14/03/08

A Cidade - I, por Mangas


Um homem caminha na direcção do cais, a mão direita no bolso do casaco, a esquerda segura três balões presos por fios uns palmos acima da cabeça. Está um chinês sentado junto à margem com um macaco nos ombros. O macaco come diospiros. Nunca vi nenhum chinês usar óculos quadrados. São sempre redondos como os diospiros.
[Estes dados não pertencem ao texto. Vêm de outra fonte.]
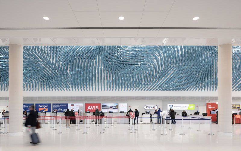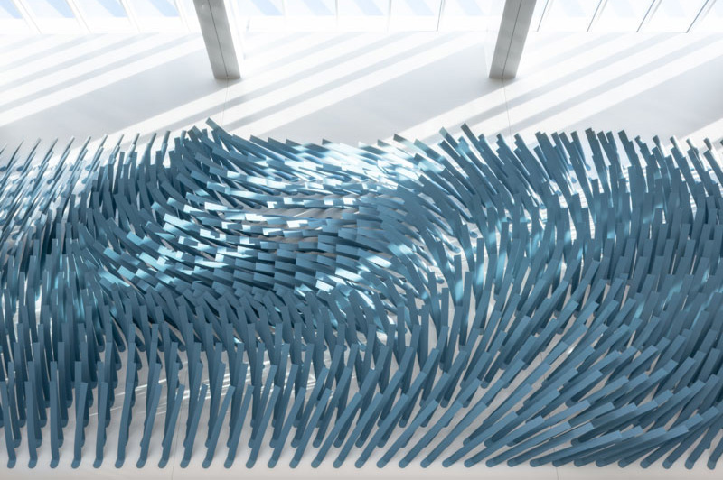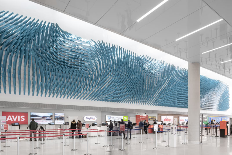 هنرمند فعال در زمينه ي هنر محيطي Rob Ley با هدف نمايش جريان ملايم وزش باد، چيدماني را در فرودگاه "اوهار" شيکاگو خلق کرده است.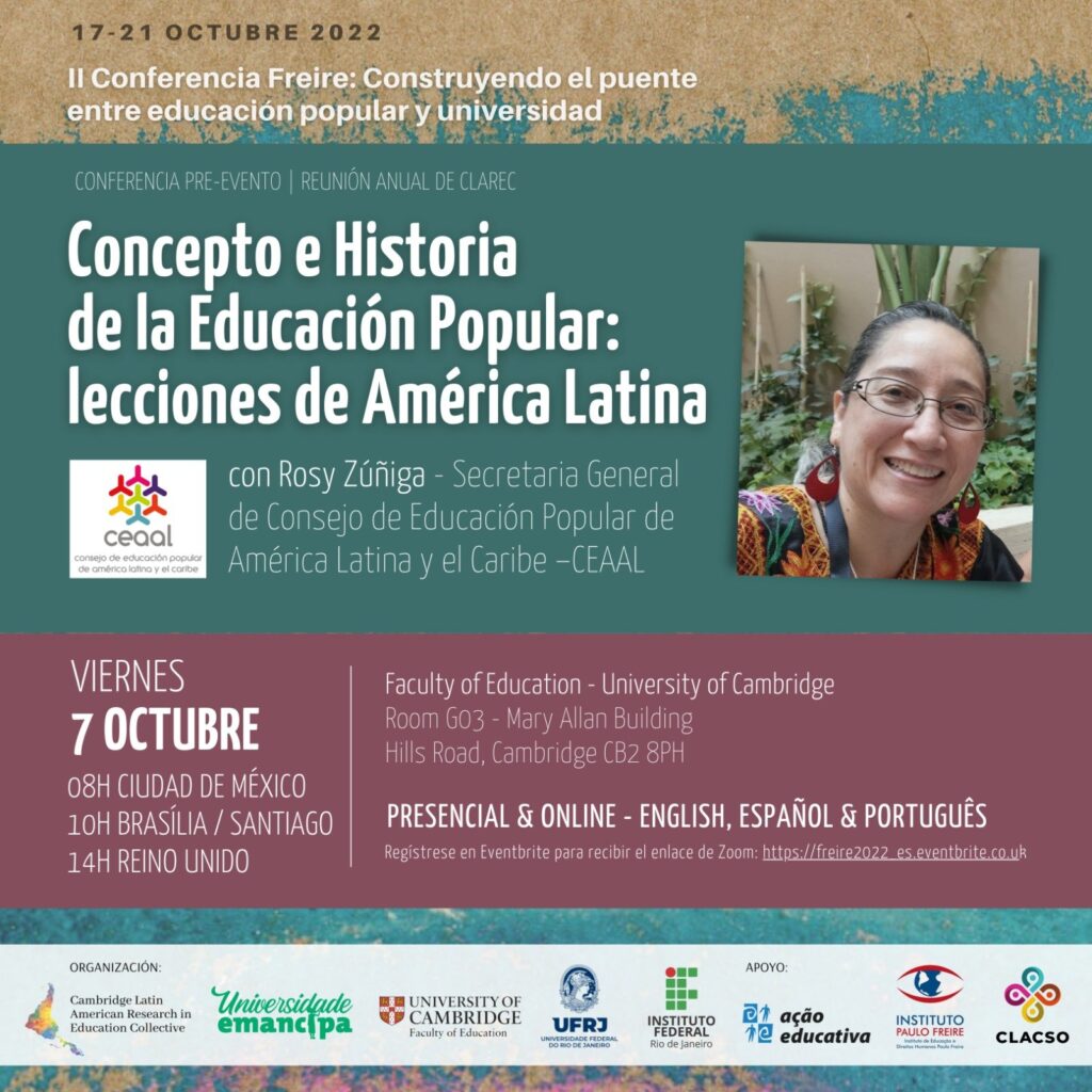 Conferencia Concepto e Historia de la Educación Popular: Lecciones de América Latina, con Rosy Zúñiga, secretaria general del CEAAL, como actividades previas a la ‘’II Conferencia Freire: construyendo el puente entre educación popular y universidad’’ el cual tomará lugar entre el 17 y 21 de octubre 2022 en la Facultad de Educación de la Universidad de Cambridge, la Universidad Federal de Río de Janeiro (UFRJ) y de manera online, organizada por el Colectivo Latinoamericano de Investigación en Educación (CLAREC) y la Universidade Emancipa (CLAREC) y Universidade Emancipa.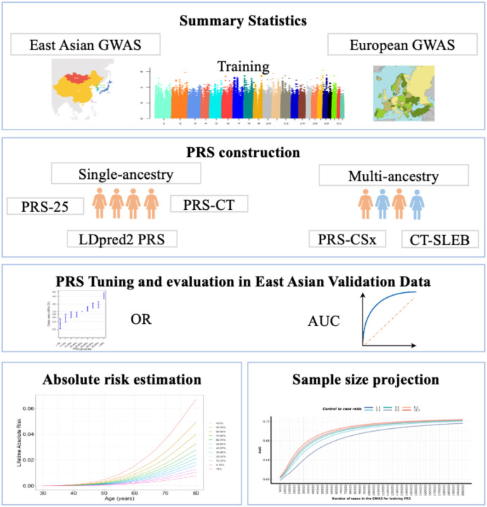 Methods: PRSs were developed using genome-wide association study summary statistics from East Asian (8,002 cases; 20,782 controls) and European (2,058 cases; 5,575 controls) populations. Single-ancestry models included PRS-25, PRS-CT, and LDpred2; multi-ancestry models included LDpred2+PRS-EUR128, PRS-CSx, and CT-SLEB. Performance was evaluated in independent East Asian data from the Female Lung Cancer Consortium (FLCCA) and externally validated in the Nanjing Lung Cancer Cohort (NJLCC). We assessed predictive accuracy via AUC, with 10-year and (age 30-80) absolute risks estimates.
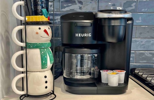 The kitchen, a chef's delight, is fully equipped with brand new stainless steel appliances and stocked with everything you need to prepare delicious meals. From pots and pans to utensils, our kitchen has it all. Coffee and tea aficionados will find their haven here, with complimentary provisions to start your day right.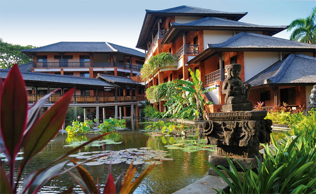 Городок на Бали состоит из пяти деревянных корпусов, характерных для традиционной индонезийской архитектуры. Роскошный отель, буквально утопающий в зелени и ароматах тропических цветов, раскинулся на берегу Индийского океана на площади больше десяти гектаров! На следующий день после приезда, не успев прийти в себя после долгого путешествия, отдельные представители VOICE даже умудрились заблудиться во всем этом великолепии.
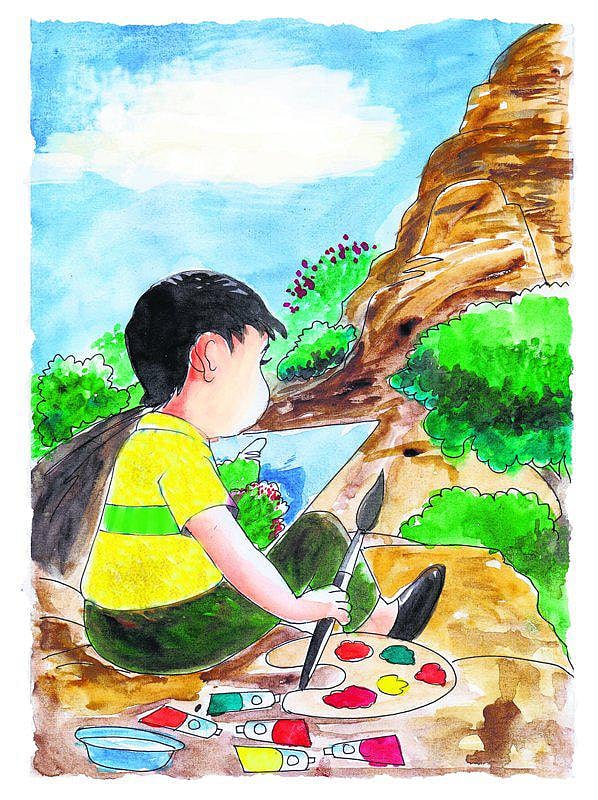 ஆதித்யா நன்றாக ஓவியம் வரைவான். ஒரு நாள் சூரிய உதயத்தைக் கண்டான். உடனே அதை வரைந்தான். அதில் அடர்ந்த மரங்களுக்கும் செடி கொடிகளுக்கும் பச்சை வண்ணம் பூசினான். பூத்துக் குலுங்கும் மலர்களுக்கும் கனிகளுக்கும் மஞ்சள் நிறத்தைத் தந்தான். ஆகாயத்தையும் பரந்த நீர்ப்பரப்பையும் நீல வண்ணத்தில் அமைத்தான். இருளான பகுதிகளுக்கும் பறவைகளுக்கும் கறுப்பு நிறம் கொடுத்தான். மலை முகடுகளிடையே காட்சி தரும் சூரியனுக்குச் சிவப்பு வண்ணமிட்டான்.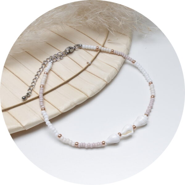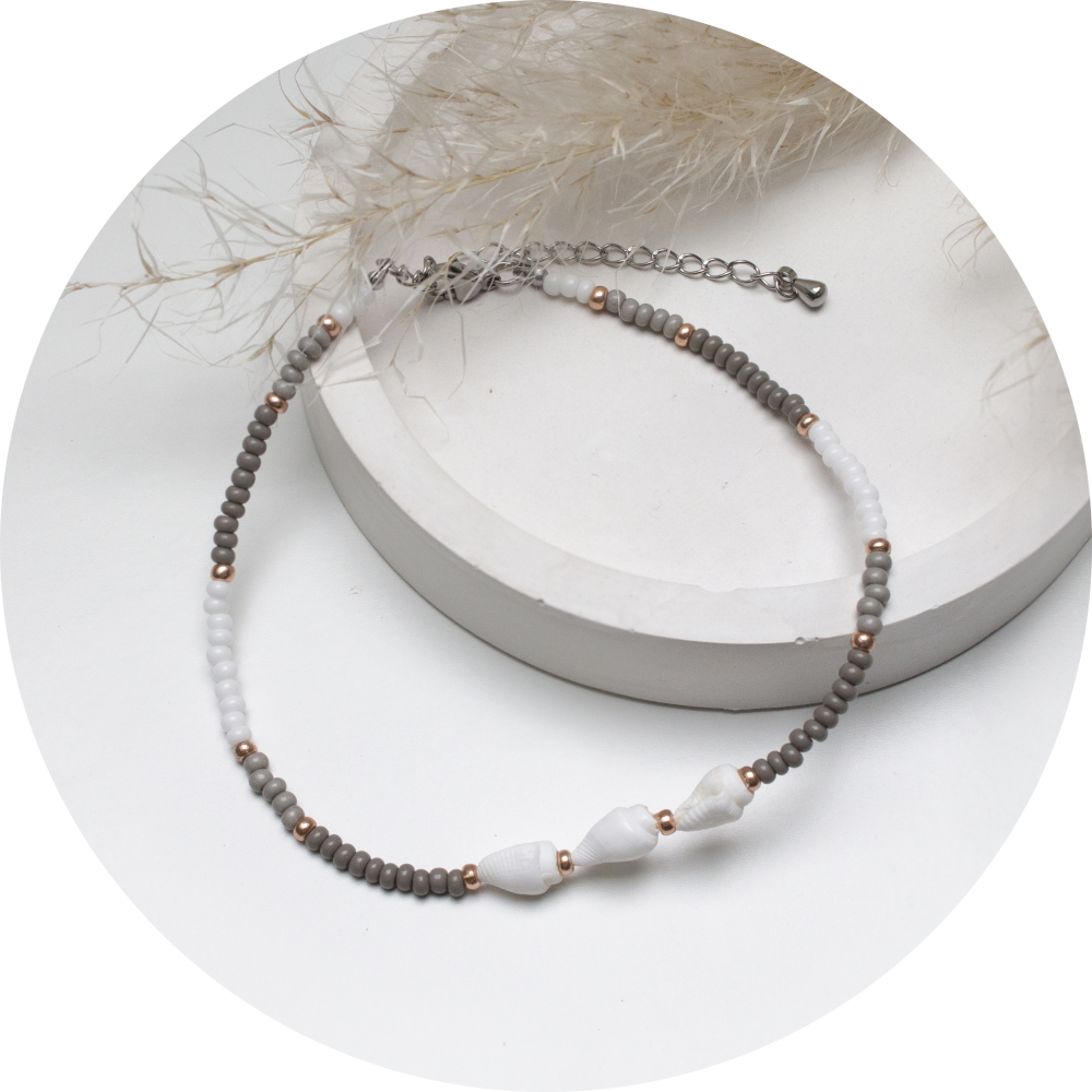 De enkelband heeft een RVS sluiting en is geregen met grijs/witte rocailles & echte schelpjes.

Matulões escanzelados que vendem recuerdos aldrabados, sorvetes remelosos, cadeiras ao sol, mercenários armados de Ray-Ban modelo aviador-sem-asas. Domingo à tarde no parque com as famílias são convenientes para sacudir o jejum dos sapatos. Perseguem os putos divertidos fingindo que são monstros quando passam o resto da semana a fingir que o não são. Um negro infectado por um trompete murmura o voo das aves migratórias quando sopra. Delicadas improvisações de mágoa e furor. A minha missão é traduzir esses acordes para decifrar o silêncio que pressinto em meu redor, em redor das gentes cujas paixões os fragiliza e faz deles criaturas nuas e crentes. Abrir as portas do sol, é incitar as formigas a rastejar.

Um tipo a cair de bêbado aproxima-se do pontão sobre o oceano e começa a mijar. Explica em voz alta que mija para as cinzas da mulher que foram lançadas ao mar. É como se mijasse para a sua campa. Solta uma gargalhada. Sai dali, move-se entre os passos e o bar mais próximo. Se lhe meterem um pepino nas mãos, transforma-se em pickle.

Um fio dourado de luz reflecte o castanho das árvores abandonadas. Algumas andorinhas sobre as quais o Zeca Afonso tropeça os olhos como no voo de uma gaivota. Há uma harmonia superior e imprevisível no meio disto tudo que me aplaca o cinismo. Aproximo-me do tipo dos balões e proponho-lhe comprar um. Que não. Que o perdoasse, mas não estavam à venda. Confessou-me que os segurava apenas para que o mantivessem de pé, na vertical.

Eu também nunca disse que não acreditava em Deus. Acredito apenas que Ele não existe, nem nunca existiu. Esta deve ser a minha confissão, mas eu não peço perdão.